0

My home-server is running some aged hardware (Core i5-3450, software RAID1 on SATA disks) and often has problems when I run performance-intensive things like a compile-job besides "normal" services that run in the background (DNS, Web, DHCP, Mail, etc. etc.)

Recently I nearly trashed my system when a compile job got to nearly 100% CPU and in consequence the wait I/O skyrocketed as well and basically no other process could got any free resources anymore.

I read about cgroup2 and gave it a try. Set the grub option systemd.unified_cgroup_hierarchy=1 and rebooted. Created a new cgroup, activated I/O and CPU controller and was able to throw my compiler's PID into the cgroup.procs and was able to successfully put it into the "background" running with only 5% CPU and not interfering with the rest of the system. The compile job nearly took forever (several days), but I didn't mind. However multiple times per day, suddenly my cpu.max setting vanished and the system got out of equilibrium again. After reading more about cgroup and systemd I believe it's because I did meddle with systemd controls and basically systemd seemed to reset my custom settings back to the default (cpu.max == 'max 1000000') which then started trashing my system.

So I read about how to do it properly.

First I set Delegate=true to my user@1000.service file and rebooted.

Then I tried spawning a new "job" by running systemd-run --user CPUQuota=5% stress-ng --matrix 0 -t 10m which worked successfully, i.e. the CPU usage per process was limited to 5%/4 per stress-ng thread!
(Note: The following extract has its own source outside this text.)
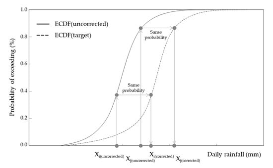 First, the ECDF curve of the daily rainfall data (wet days) of the GCM baseline period and the ECDF curve of the station daily rainfall data (wet days) are calculated, and then the GCM baseline period daily rainfall events are corrected according to the ECDF value corresponding to the station daily rainfall data. The schematic diagram of bias correction is shown in Figure 6.

I can see a new directory below /sys/fs/cgroup/user.slice/user-1000.slice/user@1000.service which contains my setting:

cat /sys/fs/cgroup/user.slice/user-1000.slice/user@1000.service/run-raef937da699b484b80f1bf03bc049f7a.service/cpu.max
5000 100000

and cgroups.procs contains the corresponding PID of stress-ng. Success!

Now I might want to change that setting. Either because it's too low or for what other reason. May I just write another value directly to cpu.max? Or am I supposed to use a systemd command tool for doing that? (Which one?)

My other problem is: If I don't know beforehand that a command I am going to run might have a bad impact on my system performance-wise, how can I constraint it later-on without killing it and re-running using systemd-run?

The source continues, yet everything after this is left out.